Em cima do praticável, espaço montado de poucos metros quadrados para as apresentações, Luara se expressa sem medo de ser feliz e não liga para julgamentos: “Às vezes sinto um preconceito velado, mas no caraoquê não tem competição, vencedores ou perdedores. Todo mundo se respeita e se aplaude, não importa se a pessoa cantou bem ou não. É só pegar a senha”. Ela conta que frequentou baladas de todo tipo, mas agora também está se permitindo experienciar a vida diurna. “Sinto necessidade de evoluir e mostrar que nós, mulheres trans, podemos e devemos estar no lugar que quisermos.”

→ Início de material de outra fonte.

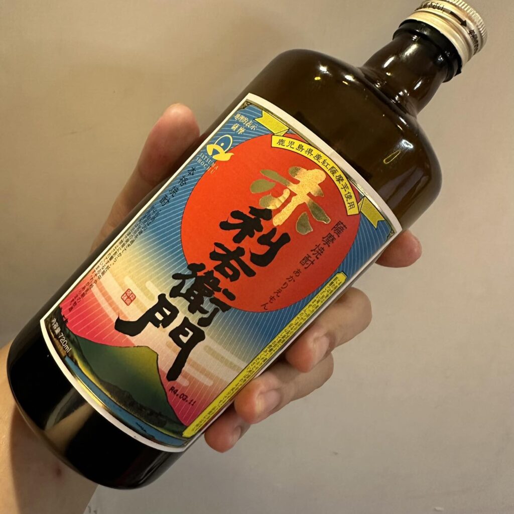 「赤利右衛門 指宿酒造」燒酎偵探遊戲,故事要從酒瓶的標示與隱晦的背標介紹開始,介紹寫著 他用的是 紅薩摩芋,除了利右衛門味道的傳統味道外,還有加上甘甜華麗的香氣
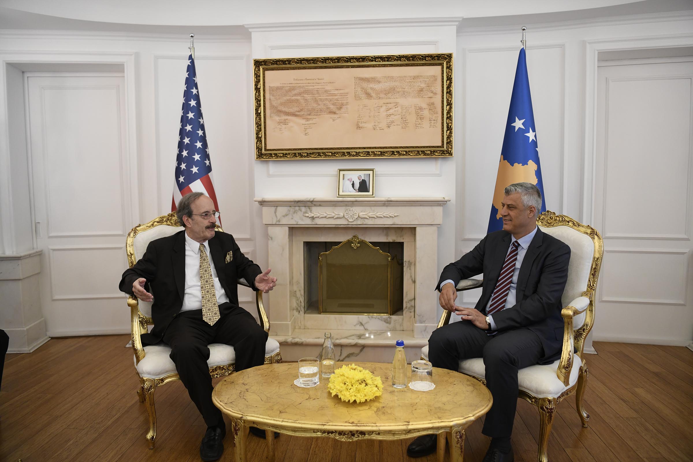 “Ju jam mirënjohës për angazhimin tuaj personal, prej dekadash, për Kosovën dhe popullin shqiptar në përgjithësi. Është impresive kur e kujtojmë se ku ishim në vitin ‘96 dhe kur e shohim ku jemi sot”, u shpreh Thaçi dhe shtoi se “për këtë jemi mirënjohës përkrahjes së Shteteve të Bashkuara të Amerikës, të gjithë miqve, që na kanë përkrahur gjithë këto vite”.
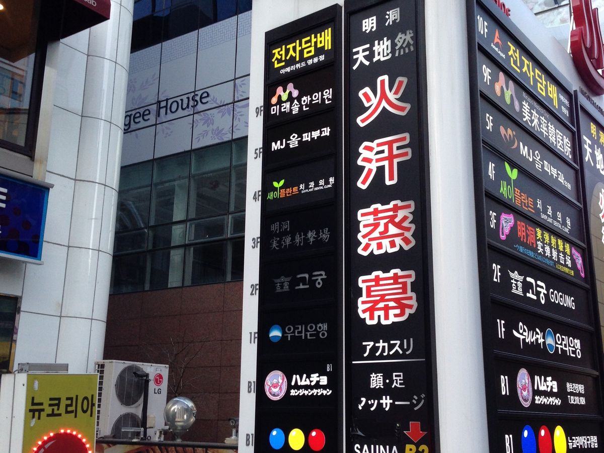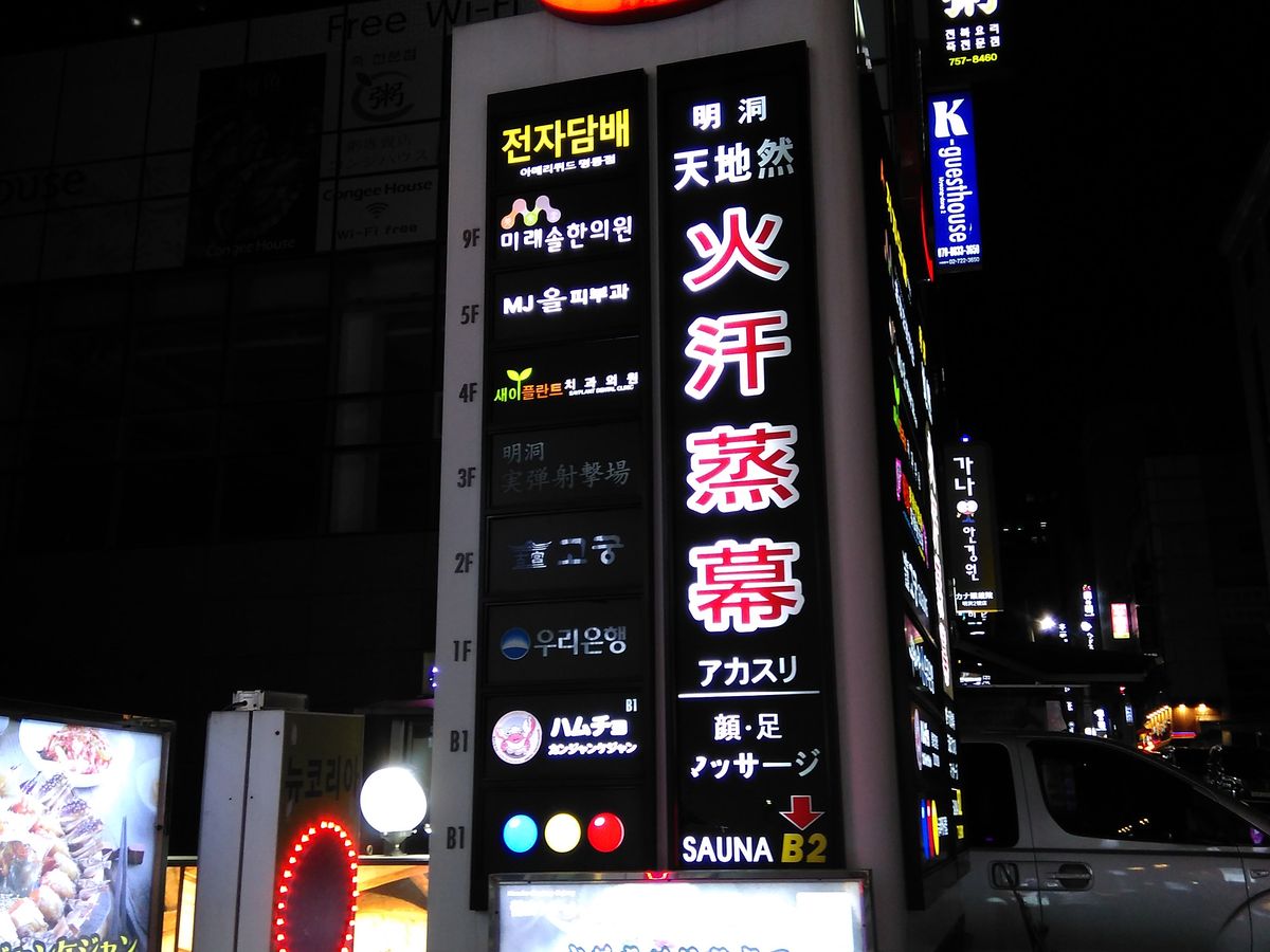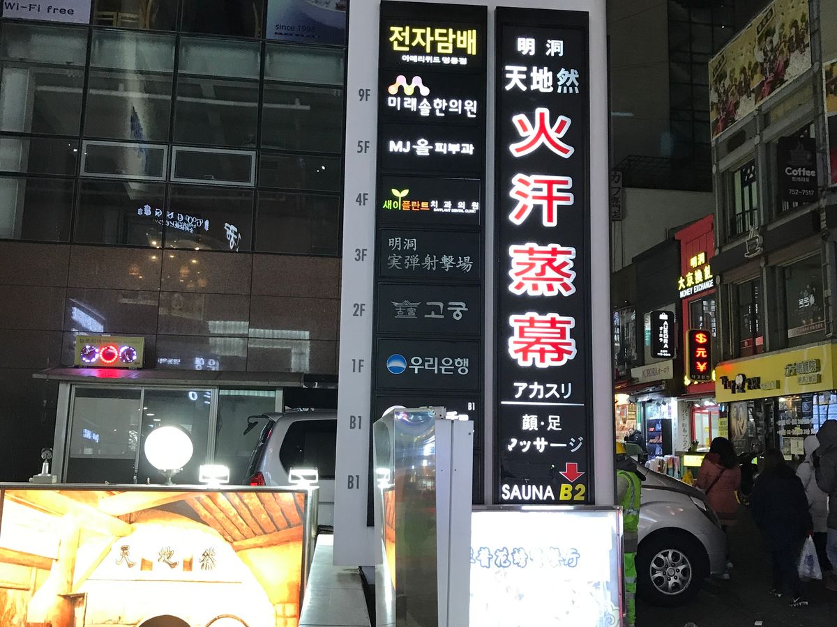 明洞のメインの通りって言うかいつも通る通りにあり、日本人になじみの温泉マークがすぐ見つかるのでとても分かりやすかったです。店は地下にあり階段を下りて行くと自動ドアの先に韓国や日本のスターや有名人のサインが写真入りで貼ってあり知ってる人もちらほらと見受けられました。「いらっしゃいませ」と出迎えられ、予約の名前を確認されまずは、オプションのコース説明をされましたが、日本語なので分かりやすかったけど、ここでは申し込みませんでした。基本コースということでお風呂に20分でサウナ、人参風呂、ゲルマニウム風呂、汗蒸幕と回って下さいと言われ温まりながらクルクルと回りましたが、汗蒸幕はあんまり熱くなかったです。もう時間かと思っていたら、まだ大丈夫ですと再度浸かって声が掛かるまで待って、その後アカスリと進みましたが恥ずかしいくらい垢が出ました。それから、オプションで2万ウオンかけて踵を削ってもらいつるつるになりました。
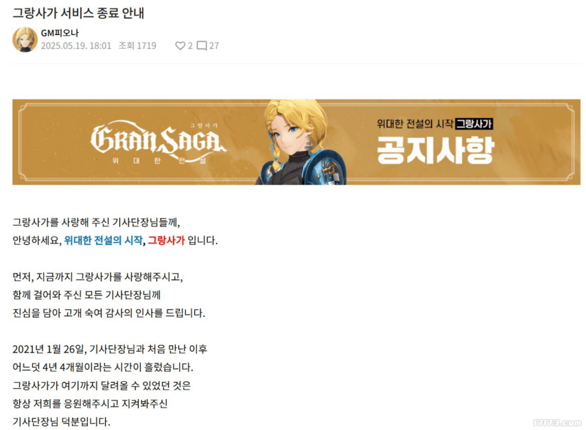 近日,韩国游戏公司Npixel通过官方论坛宣布,旗下MMORPG《Gran Saga(剑与骑士团)》将于8月28日正式停运。
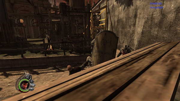 清理广场的所有小兵,然后把铁门打开。一路往前走,在同伴的协助爬上哪个围栏断开的台子上面去。这里又看到自己士兵又被SM了,赶紧去帮忙!解决冲过来一帮士兵!
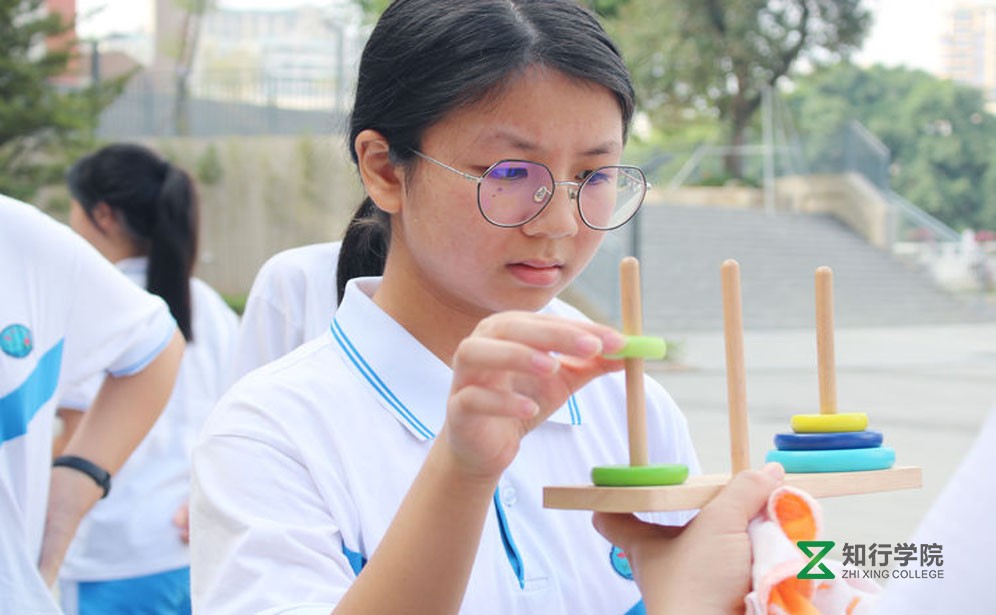 時間緊,任務(wù)重,團隊組建完畢,我們馬上進入了第一個競爭單元--漢諾塔,這是一個考驗智慧與協(xié)作的項目,在一塊木板裝置上,有三根桿(編號A、B、C),在A桿自下而上、由大到小按順序放置5個大小不同的圓盤,游戲的目標(biāo)是把A桿上的圓盤全部移到C桿上,并仍保持原有順序疊好??此坪唵蔚挠螒颍铧c難倒了我們一群小學(xué)霸,有壓力,才有動力,最終大家動腦、動手、動身,嚴(yán)格計劃,合理分工,才邁過了這一關(guān)。
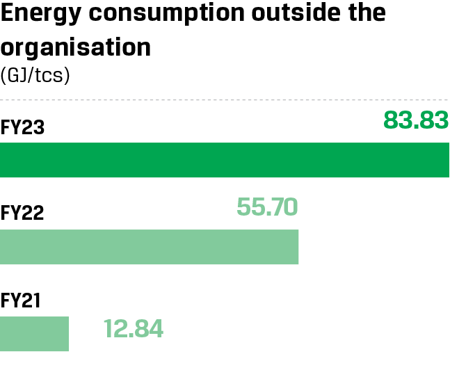 We have established a partnership with Shell India Markets Private Limited to jointly evaluate short and long-term options for improving energy efficiency, optimising demand for carbon-intensive products and services, adopting decarbonisation technologies, and leveraging digital solutions. Furthermore, we are collaborating with organisations such as the SMS Group and Smartex to explore and evaluate cutting-edge technologies and their potential applications in accelerating climate action.
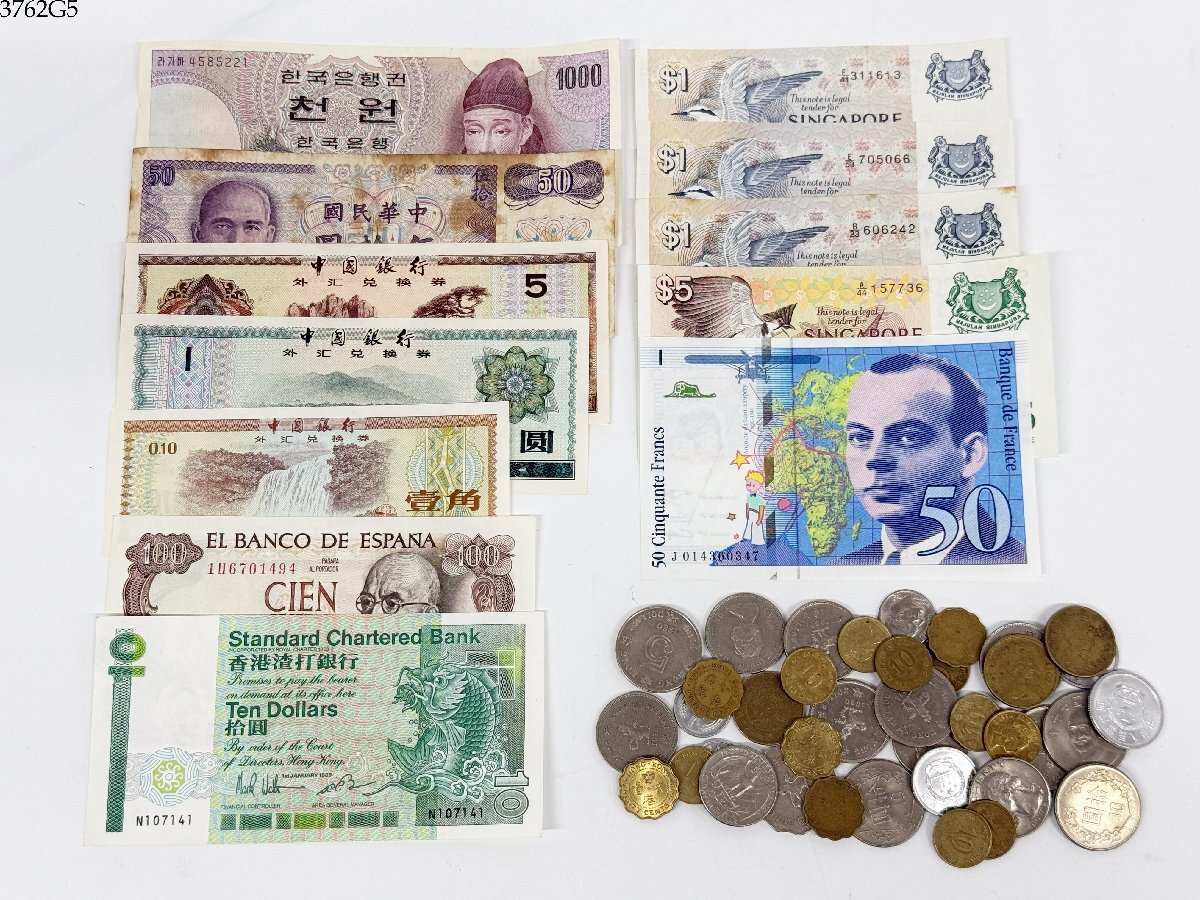 - 送料無料 外国紙幣 硬貨 1000ウォン 50フラン 5ドル 伍拾圓 伍圓 壹圓 壹角 中国 香港 韓国 シンガポール etc.. 古銭 まとめ 3762G5-21
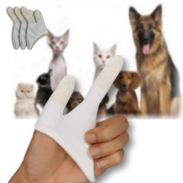 장갑처럼 끼고 사용할 수 있는 강아지 손가락 칫솔이에요. 엄지, 검지에 끼워서 사용합니다. 면 재질로 부드러워 강아지 이빨과 잇몸을 자극 없이 닦아줄 수 있어요. 장갑 형태로 손에서 쉽게 빠지지 않아 더 편하게 사용할 수 있답니다.
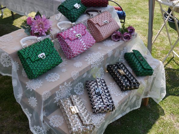 20:sayuri(輝きのあるビニール素材のワイヤーテープを使って仕上げるバッグ等)/@sayou.29(Instagram)
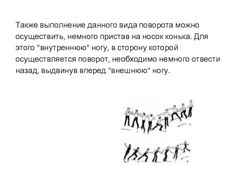 Также выполнение данного вида поворота можноосуществить, немного пристав на носок конька. Дляэтого
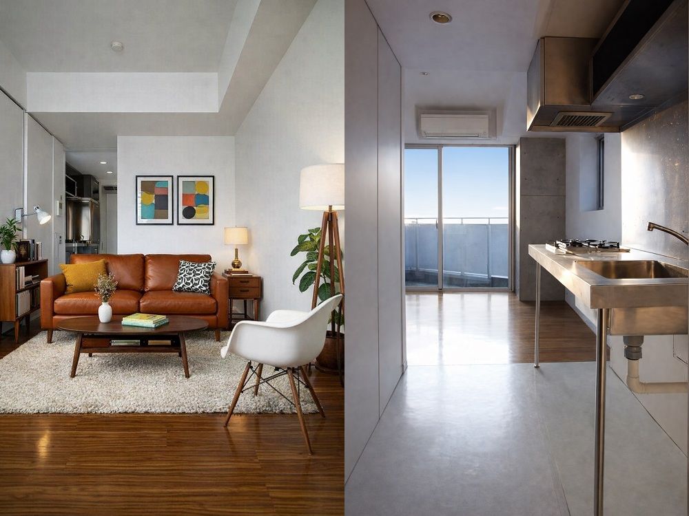 コンクリート打放しとタイルの外観が美しい大田区西六郷のデザイナーズマンションのワンルーム。中央に配したガラスブロックのトイレが光を取り込み、回遊する空間を生み出します。

A troca dos clubes escuros pelo ambiente iluminado do caraoquê também tem rendido boas surpresas para Luara. “Quem vê cara não vê coração, né? No darkroom das baladas, por exemplo, como as pessoas não se veem, as coisas rolam pelo tato, pelo gosto, pelo cheiro, e acaba ali. Muitas pessoas querem ficar com a gente por fetiche, acham que somos garotas de programa e/ou não têm coragem de nos assumir, mas eu cansei. Se quiser falar comigo, tem de ser no meio do salão. Tem de saber flertar, ter respeito e um papo bom. Nada de chegar já chamando para ir ao ‘banheiron’”, afirma.

A nova postura tem dado resultado: Luara está conhecendo melhor um rapaz que a beijou em frente ao palco do Terraço’s. Eles trocaram telefone e têm conversado durante a semana sobre os mais diversos assuntos, sempre com muito bom humor. “Tem um trecho na ‘Gira’, música de Breno Barreto, que diz: ‘A vida pede gargalhada e movimento’. É isso.”